聞いてみれば、何でも自分では上手く「てかげん」出来ないのだそうな。

 

おお、戦艦らしい凄い自信である。俺は鼻白むどころかむしろ頼もしさを感じ、ならば実際に敵を相手にその力を見せて貰う事にした。

 

幸い(とも言ってられんが)俺の艦隊に許された出撃区域は鎮守府周辺海域のみ。余程の下手を踏まないかぎりは轟沈する事もあるまいだろうと慢心し、五月雨さんを旗艦に据えにこやかに送り出す。

 

『あの、初めての出撃で緊張しているかもしれませんが、一緒に頑張りましょうねっ!』

『分かりました。では程々に』

 

オペレーター担当の妖精さんを通じて届く会話を聞く限り、二人の相性もそれほど悪くないと見える。

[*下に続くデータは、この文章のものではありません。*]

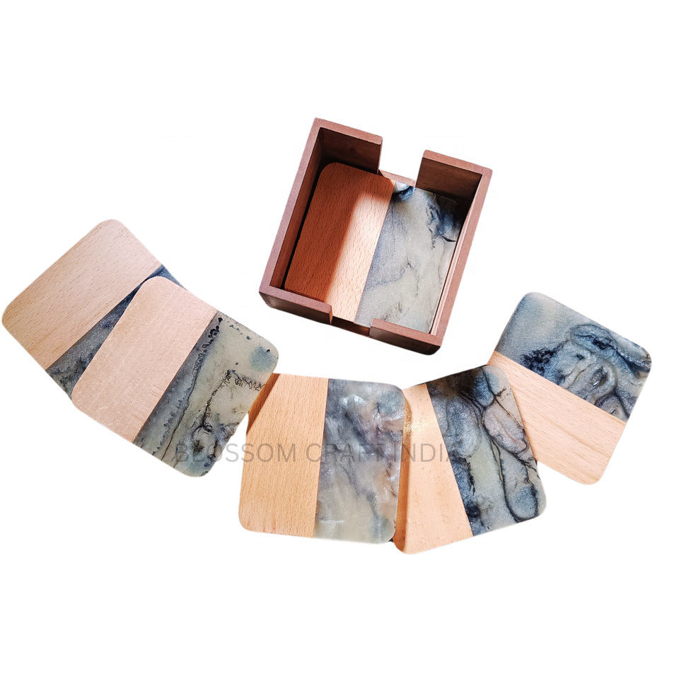 Artistic Acacia Wood Coasters Epoxy Resin Drink Table Decor Holder Unique Home Decoration Craft for Coffee & Tea Cups

善き哉善き哉。妖怪猫吊るしと一緒にうんうんと頷いていると――レーダに敵影の反応。どうやら駆逐イ級と接触したらしい。

 

数は2体。五月雨さん一人でも問題無いレベルだ、これならば肩慣らしには丁度いいだろう。俺はナデシコBさんに一発かまして貰おうと指示を出した。

 

『単横陣ですか。なら一回で済みますね』

 

すると彼女はそう呟くと己の艦装を構え、一歩前に出る。

安全装置の解除だろうか。カシャン、カシャンと装備の各所から何かが外れ空気が漏れる音が響き――最後に胸元にある逆三角形の飾りのシャッターが開かれ、そして。

 

 

『――グラビティブラスト、発射』

 

 

――瞬間、音が消えた。

 

 

まずイ級に向かい一筋の光が奔り、一瞬遅れて空間が歪む。耳をつんざく高音が辺りに轟き、射線上の海面が激しい飛沫を撒き散らし左右に割れ、不可視の死道を形成する。

当然その直撃を受けたイ級達がただで済む筈も無く、その身は捻れ、潰され、引き千切られ。明らかなオーバーキルで持って爆散。欠片一つ残さず粉微塵と消えたのだ。

 

『……えっ』

 

そんな呆然とした五月雨さんの声は、一つに戻る海の轟音の中に消え。後には飛沫の落ちる雨音が鳴り続けるだけだ。

そうしてそれを成したナデシコBさんは静かに一言、通信妖精を通した先の俺へと問いかけた。

 

 

『敵、殲滅を確認。このまま進軍しますか?』

 

 

――その声に失禁しなかった事は勲章ものではあるまいか。

 

俺は妖怪猫吊るしと抱き合いガクブルと震えながら、ひたすら首を上下に振る事しか出来なかった。